▶ [Try it] Please output every line of the material as it stands, without the pictures.

(Information provided)

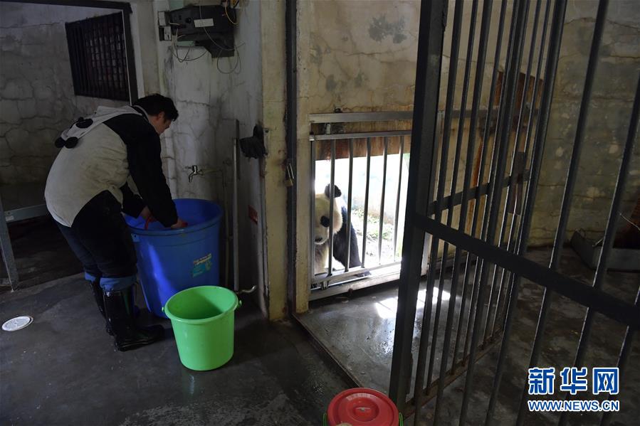 4月14日,中國大熊貓保護研究中心核桃坪基地飼養(yǎng)員周季秋在大熊貓“喜妹”的圈舍內打掃衛(wèi)生。新華社記者張超群攝
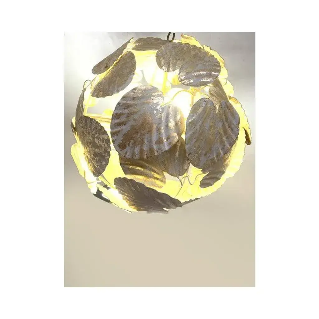 Gold-Leaf And White Leaves Sphere Suspension Pendant By Simoeng
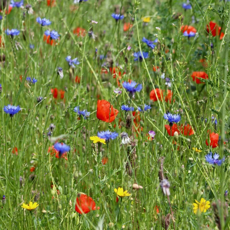 Schafgarbe, Sommer-Adonisröschen, Heckenzwiebel, Färberkamille, Boretsch, Ringelblume, Acker-Glockenblume, Nickende Kratzdistel, Kornblumen, Wiesen-Flockenblumen, Meerviole, Saat-Wucherblume, Wegwarte, Mandelröschen, Steppen-Rittersporn, Buschwinden, Mädchenauge, Koriander, Schmuckkörbchen, Gelbes Schmuckkörbchen, Chinesische Hundszunge, Wilde Möhre, Kapkörbchen, Moldawische Melisse, Natternkopf, Schlafmützchen, Buchweizen, Nadelkissen-Gilie, Dreifarbige Gilie, Atlasblume, Sommer-Schleierkraut, Teppich-Schleierkraut, Sonnenblume, Sonnenflügel, Johanniskraut, Schleifenblume, Färber-Waid, Acker-Witwenblume, Margerite, Herbst-Löwenzahn, Leinkraut, Steppen-Lein, Roter Lein, Ausdauernder Lein, Leinkraut, Hornklee, Moschusmalve, Wilde Malve, Gelbklee, Luzerne, weißer Steinklee, gelber Steinklee, Hainblume, Gefleckte Hainblume, Jungfer im Grünen, Esparsette, Wilder Majoran, Veränderlicher Mohn, Klatschmohn, Seidenmohn, Pastinak, Blauglöckchen, Rainfarn-Phazelie, Spitzwegerich, Hederich, Gelber Wau, Färber Resede, Duftresede, Wiesen-Salbei, Kleiner Wieseknopf, Kuhkraut, Leimkraut, Rote Lichtnelke, Weiße Lichtnelke, Gelbsenf, Ackersenf, Gemeine Goldrute, Rainfarm, Inkanatklee, großblütige Königskerze, Schwarze Königskerze, Himmelsröschen, Saatwicke
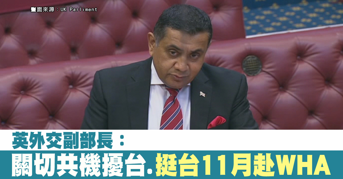 英國主管南亞與國協事務的外交部副部長(Lord Ahmad of Wimbledon),關切任何可能破壞台海現狀的舉措;回應多位上議員質詢,中共軍機擾台。

(End Information provided)

▶ [Reply]
 4月14日,中國大熊貓保護研究中心核桃坪基地飼養(yǎng)員周季秋在大熊貓“喜妹”的圈舍內打掃衛(wèi)生。新華社記者張超群攝
 Gold-Leaf And White Leaves Sphere Suspension Pendant By Simoeng
 Schafgarbe, Sommer-Adonisröschen, Heckenzwiebel, Färberkamille, Boretsch, Ringelblume, Acker-Glockenblume, Nickende Kratzdistel, Kornblumen, Wiesen-Flockenblumen, Meerviole, Saat-Wucherblume, Wegwarte, Mandelröschen, Steppen-Rittersporn, Buschwinden, Mädchenauge, Koriander, Schmuckkörbchen, Gelbes Schmuckkörbchen, Chinesische Hundszunge, Wilde Möhre, Kapkörbchen, Moldawische Melisse, Natternkopf, Schlafmützchen, Buchweizen, Nadelkissen-Gilie, Dreifarbige Gilie, Atlasblume, Sommer-Schleierkraut, Teppich-Schleierkraut, Sonnenblume, Sonnenflügel, Johanniskraut, Schleifenblume, Färber-Waid, Acker-Witwenblume, Margerite, Herbst-Löwenzahn, Leinkraut, Steppen-Lein, Roter Lein, Ausdauernder Lein, Leinkraut, Hornklee, Moschusmalve, Wilde Malve, Gelbklee, Luzerne, weißer Steinklee, gelber Steinklee, Hainblume, Gefleckte Hainblume, Jungfer im Grünen, Esparsette, Wilder Majoran, Veränderlicher Mohn, Klatschmohn, Seidenmohn, Pastinak, Blauglöckchen, Rainfarn-Phazelie, Spitzwegerich, Hederich, Gelber Wau, Färber Resede, Duftresede, Wiesen-Salbei, Kleiner Wieseknopf, Kuhkraut, Leimkraut, Rote Lichtnelke, Weiße Lichtnelke, Gelbsenf, Ackersenf, Gemeine Goldrute, Rainfarm, Inkanatklee, großblütige Königskerze, Schwarze Königskerze, Himmelsröschen, Saatwicke
 英國主管南亞與國協事務的外交部副部長(Lord Ahmad of Wimbledon),關切任何可能破壞台海現狀的舉措;回應多位上議員質詢,中共軍機擾台。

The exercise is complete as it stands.